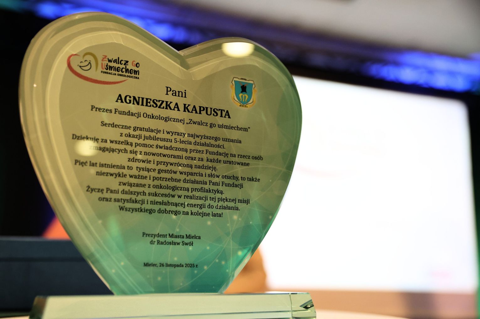 To był wieczór pełen emocji, wzruszeń i wdzięczności. W Samorządowym Centrum Kultury w Mielcu odbyła się uroczysta gala z okazji 5-lecia działalności Fundacja Onkologiczna „Zwalcz go uśmiechem”, na czele której stoi niezastąpiona Prezes, Agnieszka Kapusta. Od pięciu lat z ogromną energią aktywizuje mielczan do dbania o siebie, promuje profilaktykę, zachęca do badań i zaraża pozytywną postawą – zawsze z uśmiechem na twarzy.
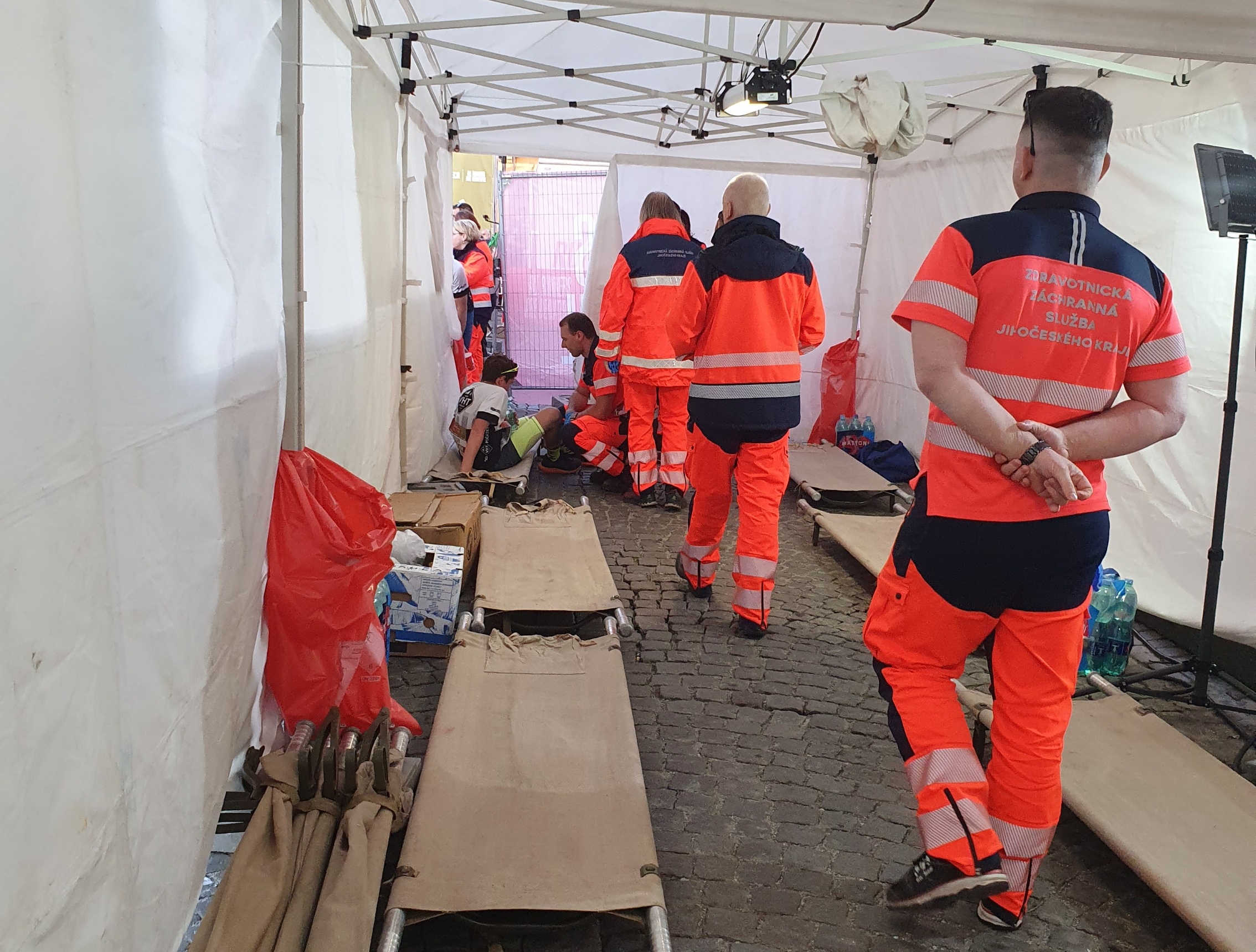 Zázemí pro práci záchranářů bylo vytvořeno za pomoci vozidla pro řešení následků mimořádných událostí a tří stanů, přímo u cíle závodu na Náměstí Přemysla Otakara II. Trvale zde byl přítomen lékař s týmem záchranářů a jedno sanitní vozidlo. Další čtyři výjezdové skupiny byly rozmístěny na strategických místech podél trati závodu.
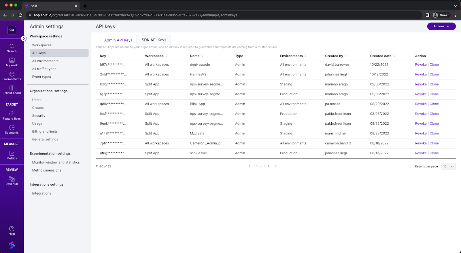To manage your API keys, go to the API keys tab in your Admin Settings page. On this page you can:
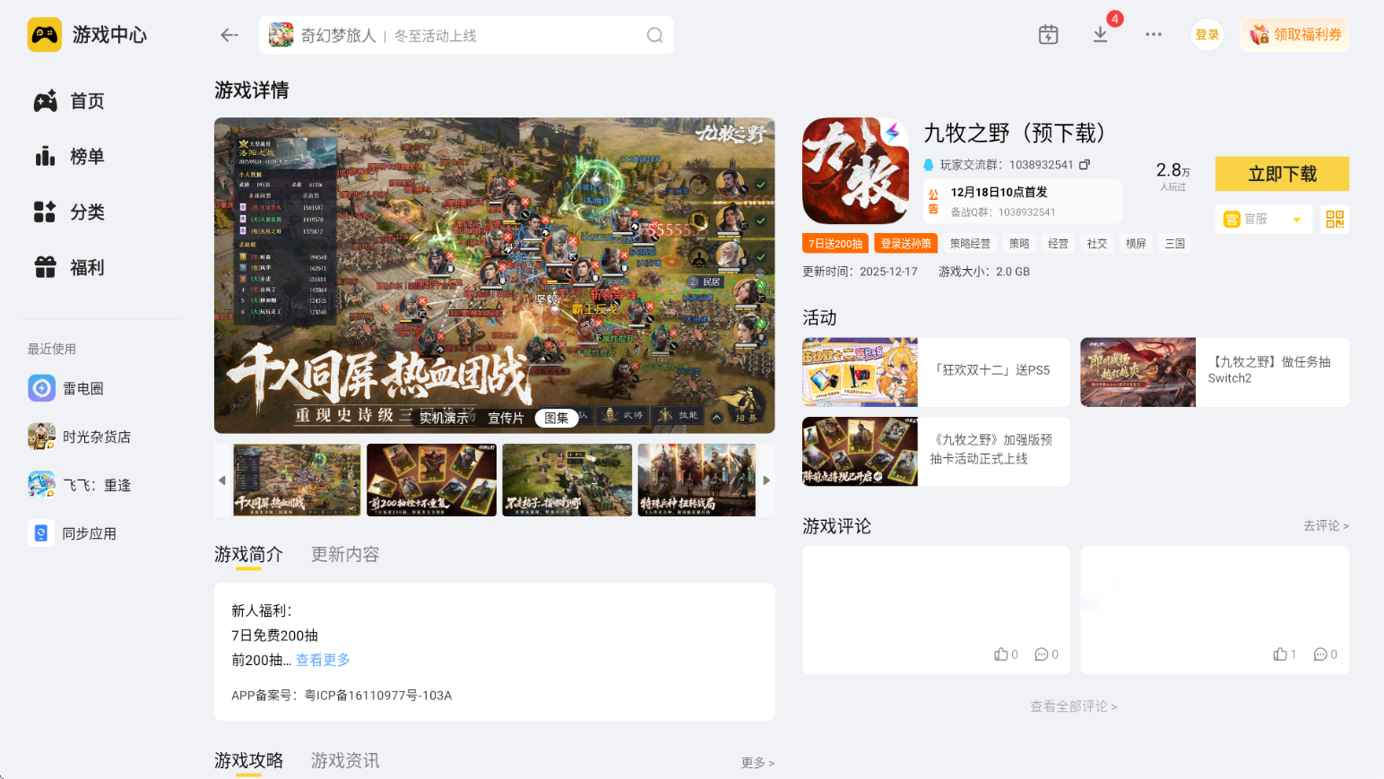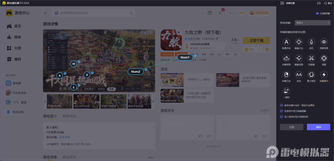 小编建议大家用雷电模拟器玩《九牧之野》,能让吕布配队的实战效果翻倍。首先键鼠操作更精准,吕布配队需要快速释放技能、调整站位,键鼠映射避免触屏误触,让“破军”技能精准命中多目标,怒气循环更流畅。
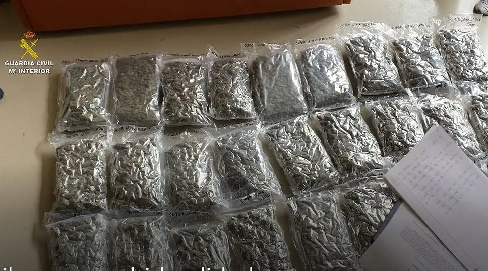 En el registro los agentes encontraron 57.538 gramos de marihuana envasada, en bolsas de 500 gramos, que estaba lista para su venta, así como 7.000 euros en efectivo y útiles para el pesaje y el envasado de la droga.
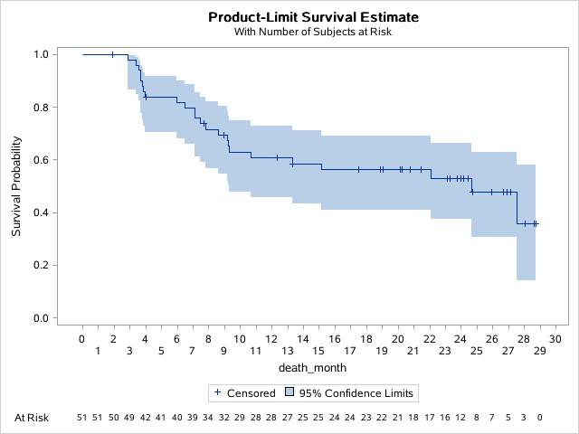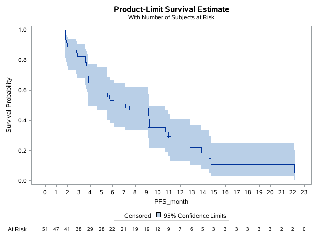 该研究纳入了9家中心,共计入组了53例晚期软组织肉瘤患者,其中51例患者接受了至少2周期阿帕替尼治疗,1名患者仍在接受治疗。主要病理亚型为腺泡状软组织肉瘤(n=11),滑膜肉瘤(n=6),平滑肌肉瘤(n=6),透明细胞肉瘤(n=6)和未分化多形性肉瘤(n=5)。截止2020年1月20日,其中ORR为18.75%(9/48),中位PFS 7.13个月(95%CI 3.84, 9.23),6个月PFS率达到53.32%(95%CI 37.76%, 66.63%)(图1),中位OS达到了24.7个月(9.30-NE)(图2)。常见不良反应为高血压和蛋白尿,发生率分别为84.91%和73.57%。主要的3/4级不良反应为高血压和蛋白尿。
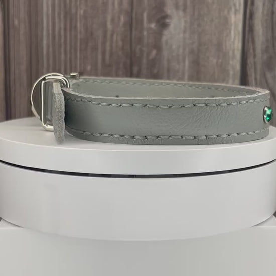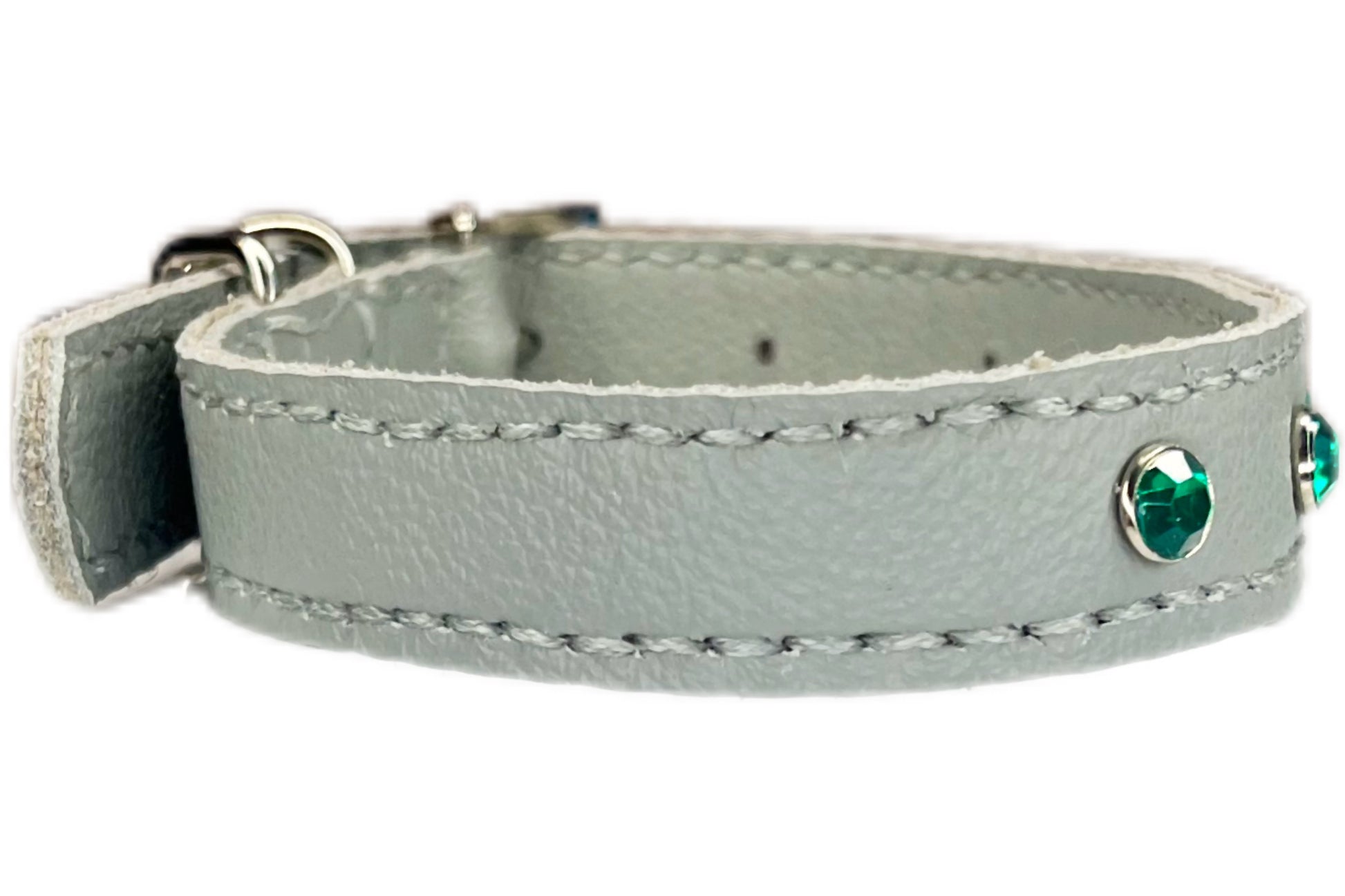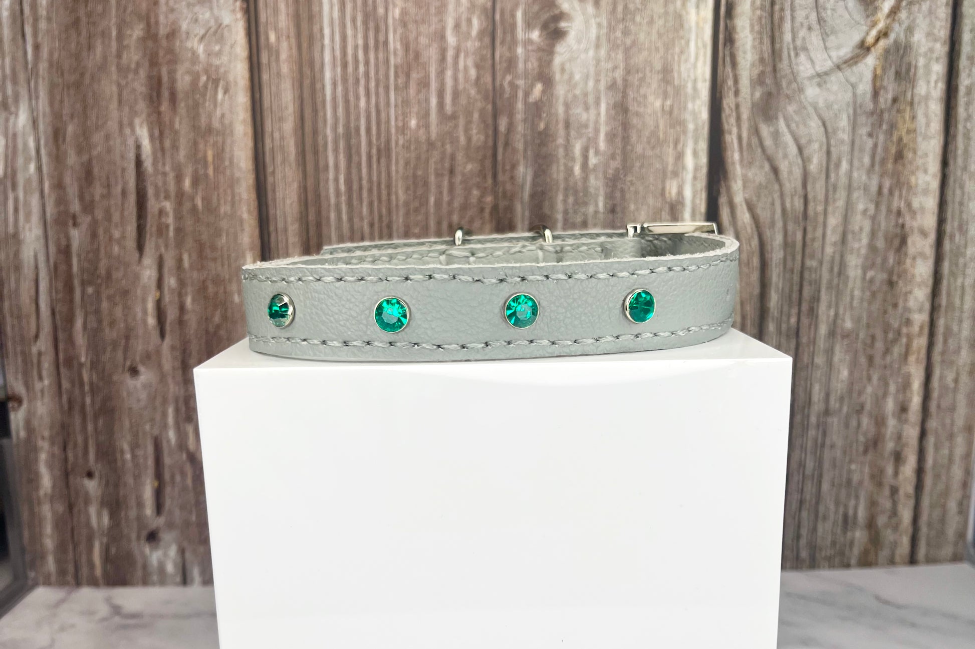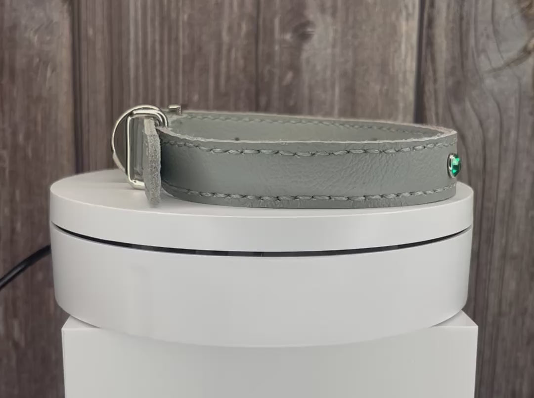 This Grey leather collar is handmade and hand stitched in grey waxed thread, It has 4 jade Diamante Rivets

What you need to do:
Range to print from the listing above: from the line with "小编建议大家用雷电模拟器玩《" up to and including the line with "En el registro". Please print those lines exactly, with no pictures and nothing more.

Exercise result:
 小编建议大家用雷电模拟器玩《九牧之野》,能让吕布配队的实战效果翻倍。首先键鼠操作更精准,吕布配队需要快速释放技能、调整站位,键鼠映射避免触屏误触,让“破军”技能精准命中多目标,怒气循环更流畅。
 En el registro los agentes encontraron 57.538 gramos de marihuana envasada, en bolsas de 500 gramos, que estaba lista para su venta, así como 7.000 euros en efectivo y útiles para el pesaje y el envasado de la droga.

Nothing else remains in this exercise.